In the decentralized Web 3 economy, in which market participants tend to have a more laissez-faire outlook on IP rights, more brands, both large and small, may want to consider licensing more rights to NFT owners in an effort to unleash the creative power of community and unlock more value. To explain the potential for a community of fans to build upon an NFT in a way that increases its value, rather than diluting it, advocates for less restrictive IP often point to the way music is sampled. For example, in 1985, Slick Rick and Doug E. Fresh recorded “La Di Da Di” as a “B Side” in one take. Through sampling, the song has subsequently appeared in more than 1,000 other tracks that built upon the original work. A more restrictive approach to IP—refusing to allow sampling—likely would have resulted in the song being long forgotten rather than achieving its current status as one of hip hop’s most iconic songs.

When it comes to digital goods, less restrictive IP licensing could give rise to the same sort of creative dynamic, with creators continually remixing the original creative work in a way that increases its value.

“We’re All Gonna Make It”

Like many communities made up of people with a common vision, the crypto community uses slang which is often reduced to acronyms which are not familiar to the uninitiated. One such acronym is “WAGMI,” which stands for “we’re all gonna make it.” It’s meant as a positive statement of conviction about the future of crypto.
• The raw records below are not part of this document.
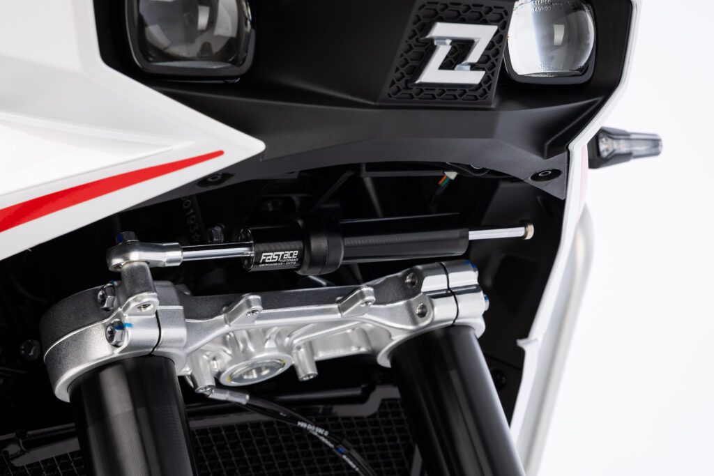 En el sistema de frenos se ha optado por doble disco delantero con pinzas axiales Taisko de doble pistón, gestionado por un sistema ABS Bosch Cornering que optimiza la estabilidad incluso en apoyo. Para el eje trasero, el sistema se simplifica a un disco lobulado con pinza Taisko de un pistón. Como buena Trail, no podían faltar las llantas de ratios Tubeless equipadas con neumáticos CST Ride Ambro A3.
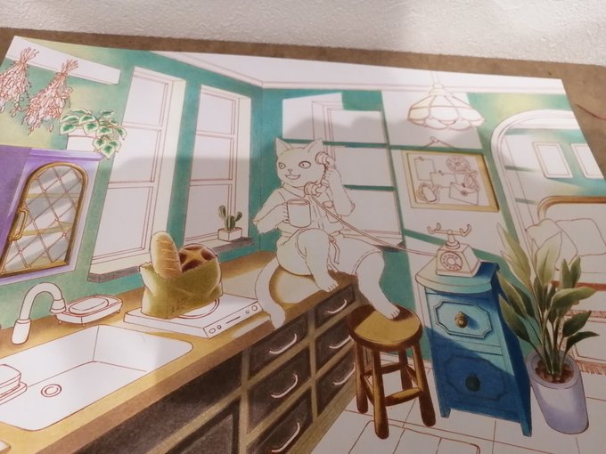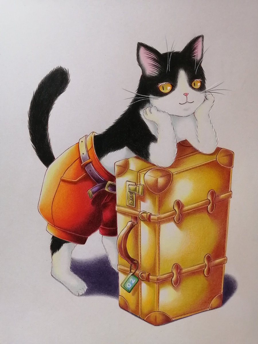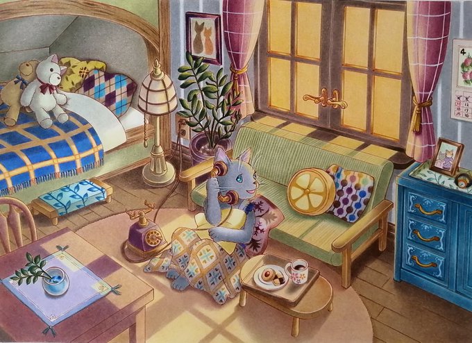 『空で繋がってる』 対の作品も完成しました🙌 小物とかお揃いの物があったりなかったり、、😌 見てくださってありがとうございました🤗 #色鉛筆 #色鉛筆イラスト #猫のいる暮らし #絵柄が好みって人がいればいいなぁ #illustration #colorpencil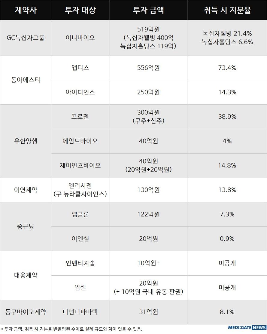 6일 메디게이트뉴스가 주요 제약사의 바이오텍 투자 현황을 살펴본 결과 GC녹십자그룹, 동아에스티, 유한양행, 이연제약, 종근당, 대웅제약, 동구바이오제약 등이 이니바이오, 앱티스, 아이디언스, 프로젠, 에임드바이오, 제이인츠바이오, 엘리시젠, 앱클론, 이엔셀, 인벤티지랩, 입셀, 디앤디파마텍 등에 투자하며 오픈이노베이션 전략을 강화하고 있는 것으로 나타났다.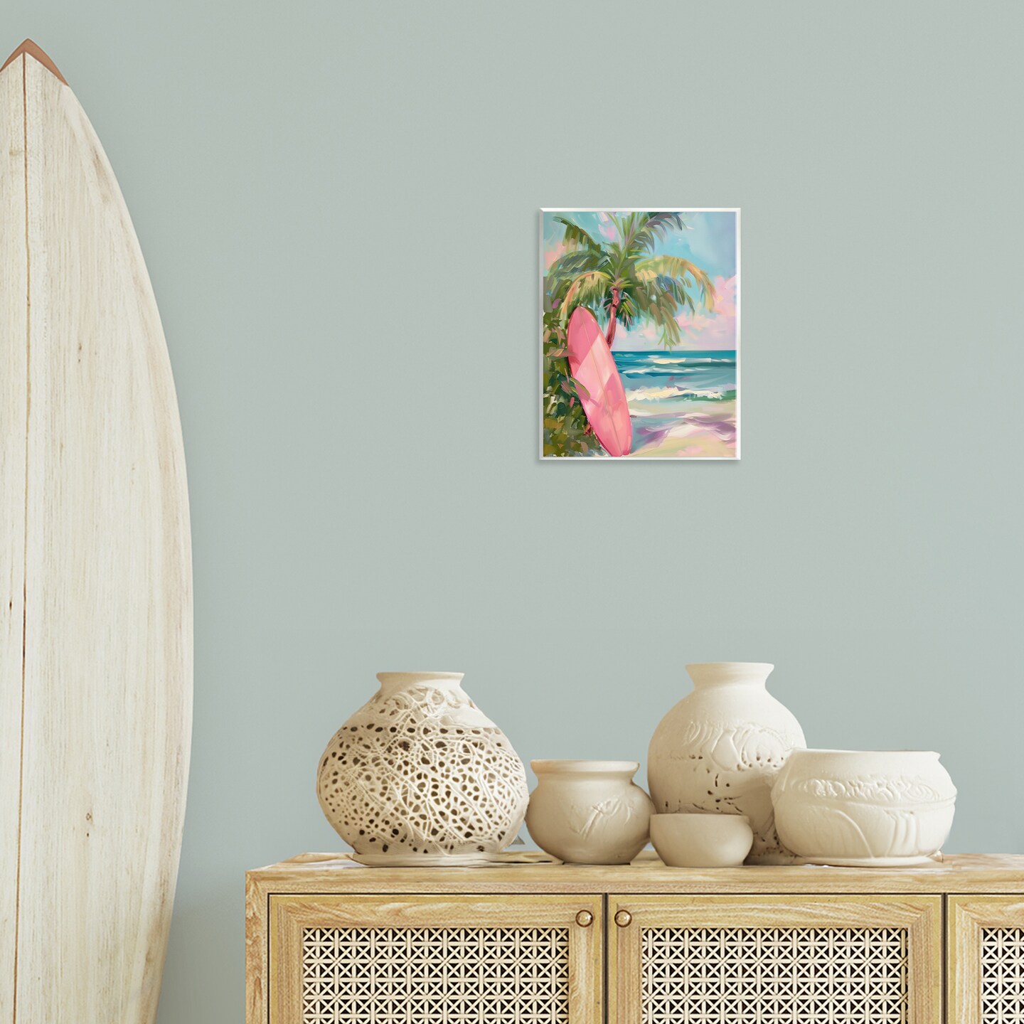 Stupell Industries Pink Surfboard on Beach Wall Plaque Design by Arlington Prints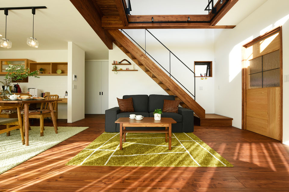 外観は黒のガルバニウム鋼板とウッドによるシャープな印象、中に入ると造作家具や建具の木目が上質で豊かな空気感のお宅の紹介です。梁や柱は、SE構法の素材色のままではなく、ダークブラウンに塗装、空間が締まった印象になりました。床も同系に塗装することで統一感のある内装に仕上がっています。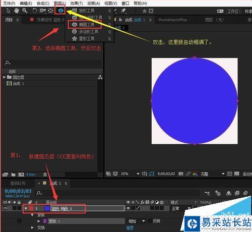 選擇橢圓工具,然后直接在橢圓工具按鈕上雙擊,圓圈蒙版(遮罩)自動填滿固態層四方形,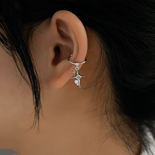 14K Gold-Plated Double Cross Star Diamond Ear Clips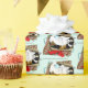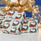 Um gato calico gordinho está numa caixa de Natal aberta de brinquedos e é mais feliz com a caixa e depois com os brinquedos
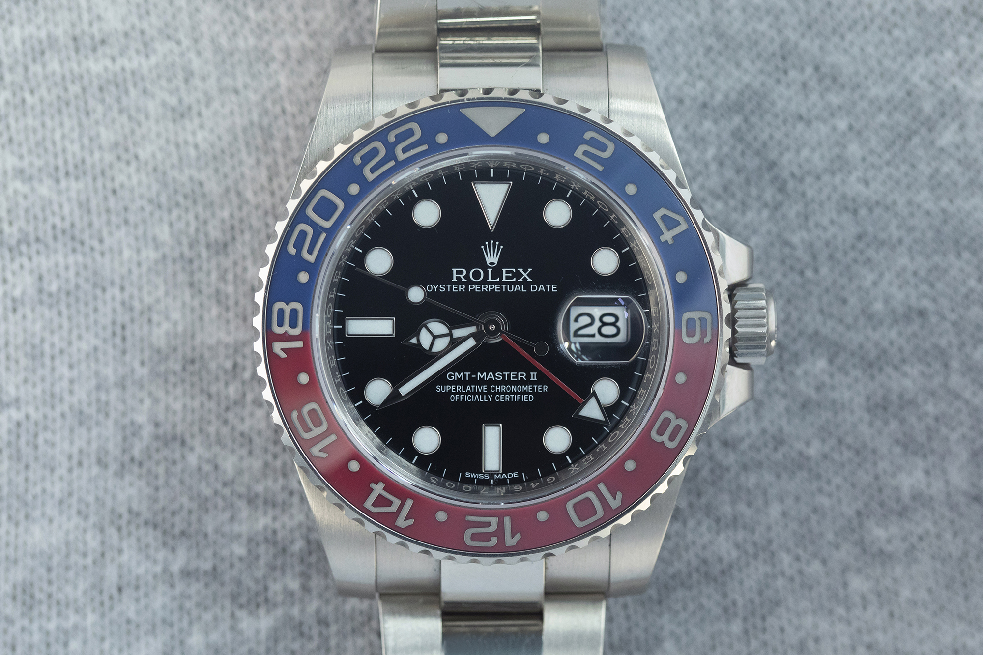 ジョンと私は、いつかコレクターが熱狂すると思える現代のロレックスをいつも探している。その意味で、この18KWGのペプシカラーベゼルのロレックスは最高の例といえる。最高のヴィンテージ・ロレックスのペプシカラーである赤と青のベゼルが18KWGのケースに入っているのだ。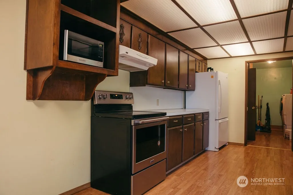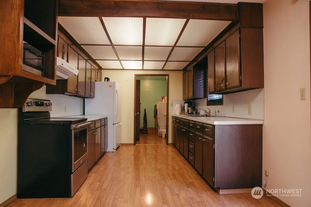This 4 bedroom, 3 bathroom home boasts a brand new snap lock metal roof, spacious layout with wood burning stove, massive primary suite with ensuite that includes a fully functional hot tub and new pool equipment, a finished and updated basement with 3/4 bathroom and fireplace; great spot for billiards table or multi-generational living. Situated on a corner lot with city water and sewer. *Lot lines will be adjusted Shop does not convey.

It can also be seen as a rallying cry for less IP restrictions: If we want to make NFTs more valuable, we’re all gonna make it, not just the original NFT creator.

The Bored Ape creators are demonstrating that it’s possible to build a powerful brand in the Web 3 world by strategically being less protective with its IP. It’s yet to be seen how many others, particularly more established brands that are typically more protective of their IP, will follow suit. On the one hand, a more restrictive approach may be able to maximize revenue in the short term. However, such an approach may stifle creativity and innovation, and erode fan goodwill, which could damage the brand in the long term.

There’s no one right answer. Every brand’s IP strategy hinges on the consideration of a number of unique factors. The creators of the Bored Ape Yacht Club seem to be doing just fine with their strategy. Recent reports suggest that they are in talks to raise $200 million at a $5 billion valuation from Andreesen Horowitz and other investors. It’s hard to argue with their approach to IP.